Dr. King opposed racism, poverty, and militarism, as evidenced by his numerous writings, including Where Do We Go From Here: Chaos or Community? King even rebuked President Lyndon Johnson who had committed, steadfastly, to continue the War in Vietnam, which turned out to be a fiasco and disaster for the United States. In fact, King, on April 4, 1967, delivered his seminal speech condemning the war at Riverside Church in Harlem. The great prophet stated, “My conscience leaves me no other choice.” (King, “Beyond Vietnam,” 139). Further, Dr. King asserted that the Vietnam War had deleterious effects on America’s poor and Vietnam peasants. (King, “Beyond Vietnam”).

By the way, MLK was assassinated one year to the day in 1968 after his Riverside speech. Arguably, it is somewhat conventional wisdom that King – after his public disagreement with President Johnson – was a thorn in the President’s side had to go.
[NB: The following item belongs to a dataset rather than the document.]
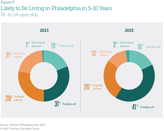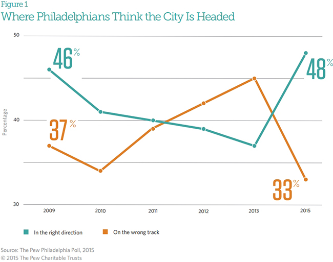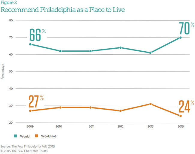 Nearly half of residents surveyed said Philadelphia is heading in the right direction, while a third said it is on the wrong track. Sixty-seven percent expect the city to improve in the next five years, while 18 percent expect it to get worse. Three times as many residents would recommend Philadelphia to a friend as a place to live as would not. And young adults see themselves as more likely to build their futures in the city than in the last Pew Philadelphia Poll, which was taken in the summer of 2013.

President Kennedy was spot on when he declared, in 1961, “If a free society cannot help the many who are poor, it cannot save the few who are rich.” Dr. King echoed this and more through his works and generous deeds.

We have a moral obligation to rekindle that flame and actualize what is written in the Book of James (KJV) 1:22: “But be ye doers of the word, and not hearers only, deceiving your own selves.”